I called Dana Magelli from my office.

“Hey, Dave, how you doin’?” he said. “Carroll LeBlanc gave you all the information on the taxi driver homicide?”

“More or less,” I said. “You found my address in the wastebasket at the guesthouse?”

“Yeah, but the guy at the guesthouse paid with cash and registered as G. Smith, and we got no idea who the black woman was or why somebody would break the cabbie’s neck, unless he tried to run a Murphy scam on the wrong guy.”

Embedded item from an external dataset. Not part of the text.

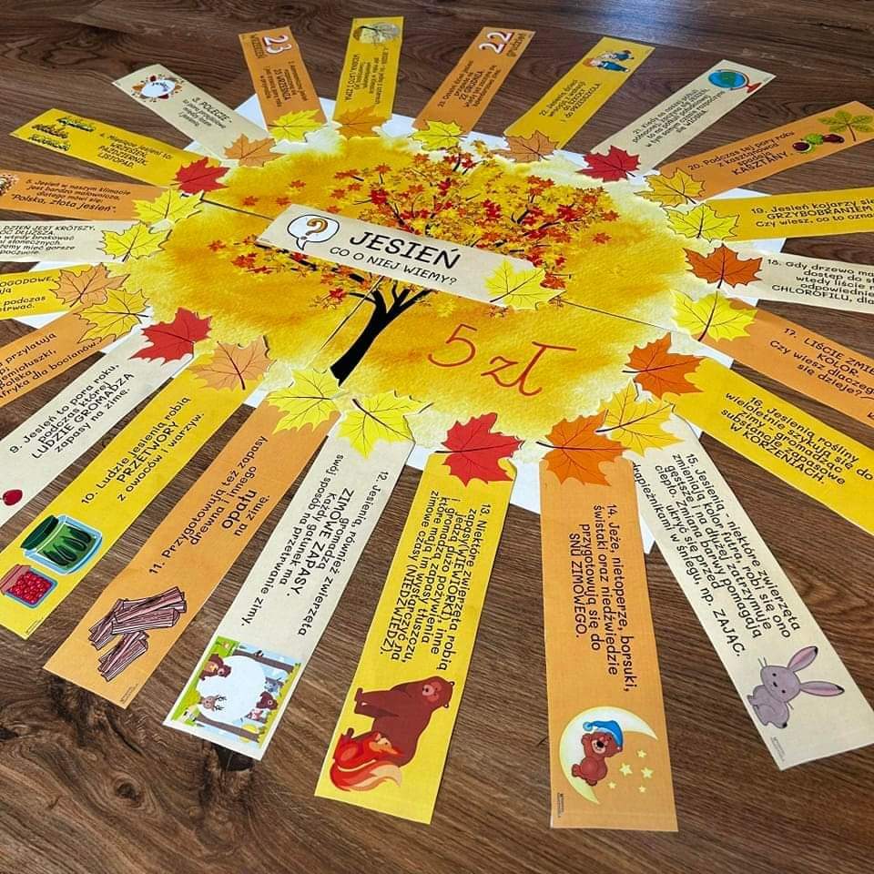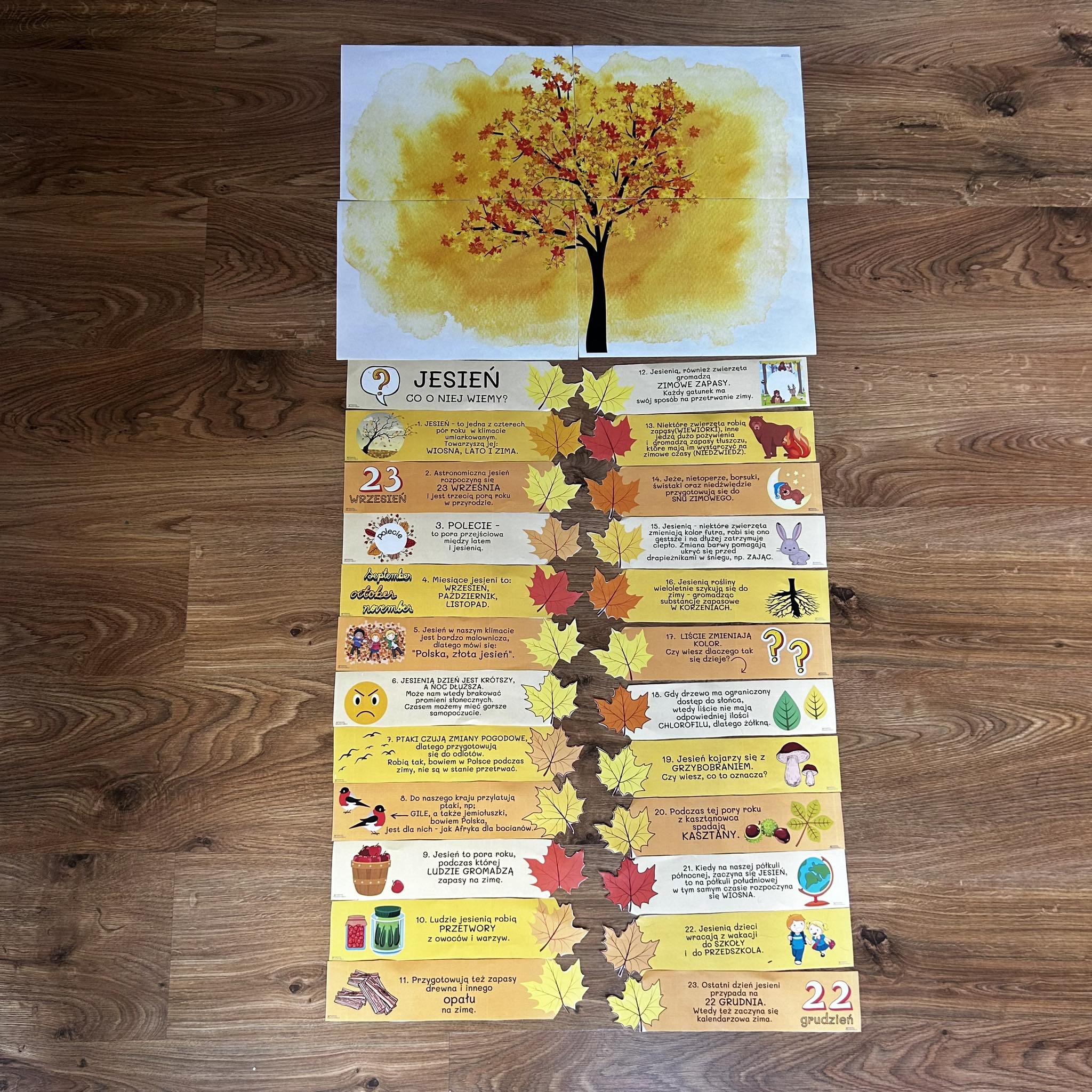 Pomoce zostały przygotowane w celu poszerzenia wiedzy dzieci na temat JESIENI. Zestaw zawiera 23 ciekawostki na temat JESIENI w formie pasków informacyjnych. Na każdym pasku znajduje się jesienny liść oraz dodatkowo duże drzewo 4/a4. Po ułożeniu wszystkich informacji powstanie jesienne drzewo otoczone paskami informacyjnymi. Materiały można również zalaminować, aby dłużej się nimi cieszyć. Zestaw wspomaga rozwój mowy i słownictwa dziecka oraz inne funkcje poznawcze. Pakiet pozwala na stworzenie jesiennego plakatu edukacyjnego lub gazetki edukacyjnej.

“Murphy artists in the Quarter?”

“No, Adonis Balangie runs New Orleans vice like his old man did. No jackrollers or Murphy scammers are allowed between Esplanade and Canal, Decatur and Rampart.”

“Can you give me a detailed description of the man who tore up the drunks?”

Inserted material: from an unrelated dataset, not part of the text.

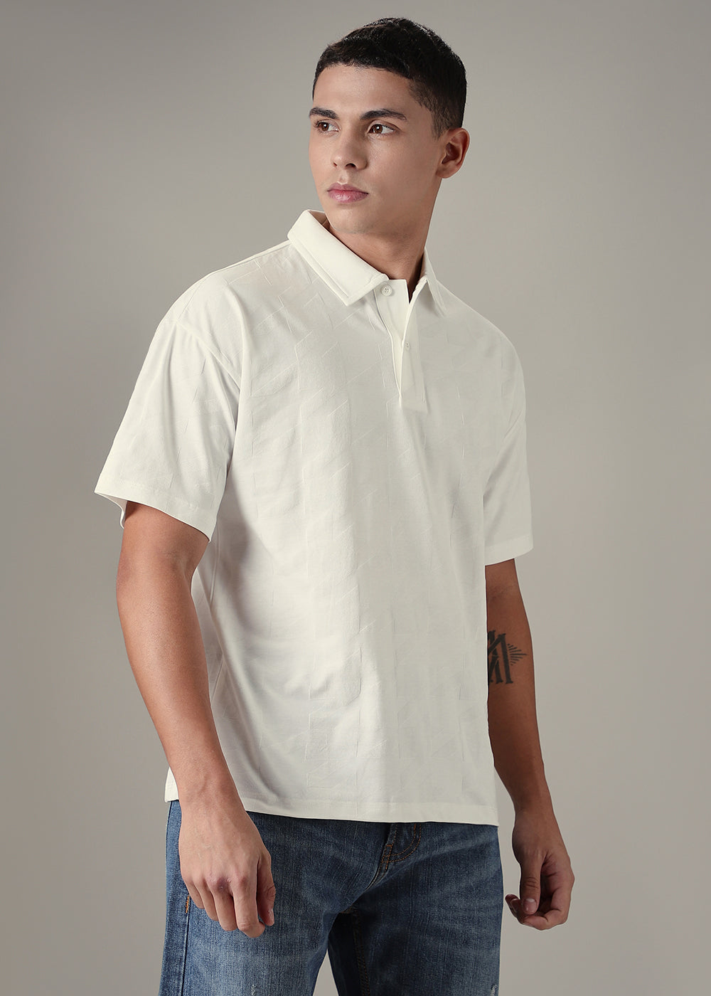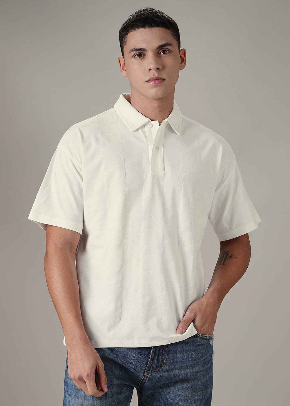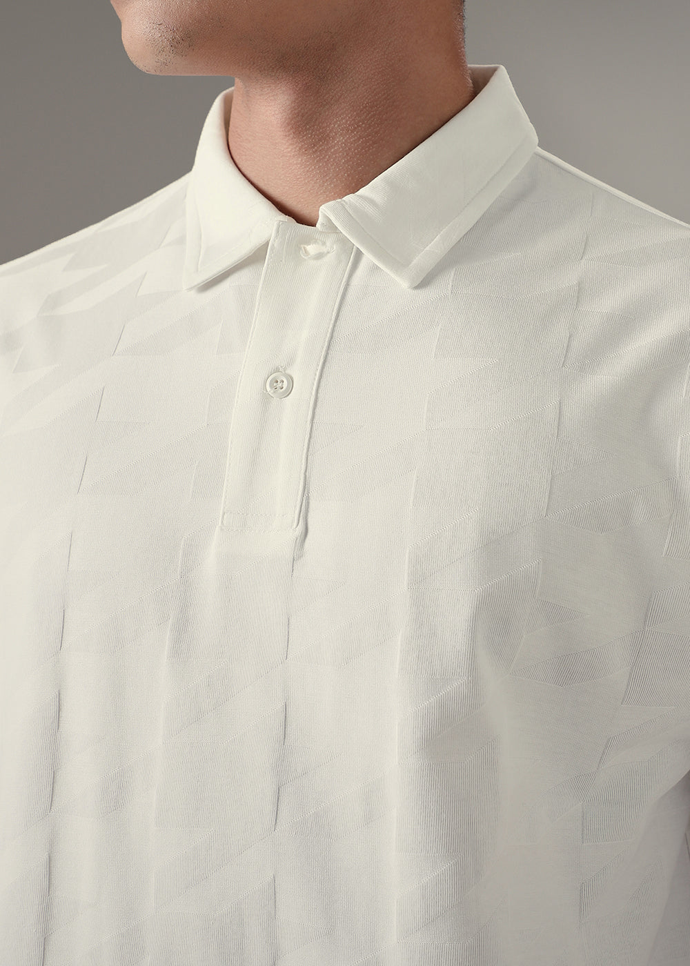 Herringbone Pattern White Polo T-shirt

“The victims say he was big and had a head like a snake’s. That’s about all they’ll say. I think they’re afraid they’ll have to identify him.”

“No mention of a harelip or a tiny nose?”

“Negative. You know something about this guy?”

“Clete had some trouble in the Keys.”

“With a guy who looks like this?”

“Clete got abducted. He woke up suspended from a wrecker hook. A guy with a harelip and a bump for a nose was going to light him up.”

There was a long silence. “What are we dealing with here?”

“I don’t like to think about it.”

“I want to talk to Clete.”

“Good luck,” I said.

“Look, I’m working on another lead. We’ve pulled a bunch of surveillance cameras that show our guy leaving the guesthouse in a hooded raincoat and walking with his suitcase up Pirate’s Alley and trying to get in the back door of the cathedral. Then he walks out of the Quarter and shows up on three cameras on St. Claude Avenue and disappears in the Ninth Ward. Get this. Somebody broke into a colored church down there and slept under the altar.”

“You get any prints at the church?”

“Yeah, same as inside the cab, so many we might as well be doing the Superdome. I haven’t slept in over thirty hours.”

“You’re a good cop, Dana.”

“Tell Clete he can get in touch with me or see how he likes one of our new holding cells. I’ve got a question for you.”

“Go ahead.”

“Your colleague LeBlanc says Penelope Balangie came to your department looking for you. He also says she was seen at your house. Please tell me it’s not what I think.”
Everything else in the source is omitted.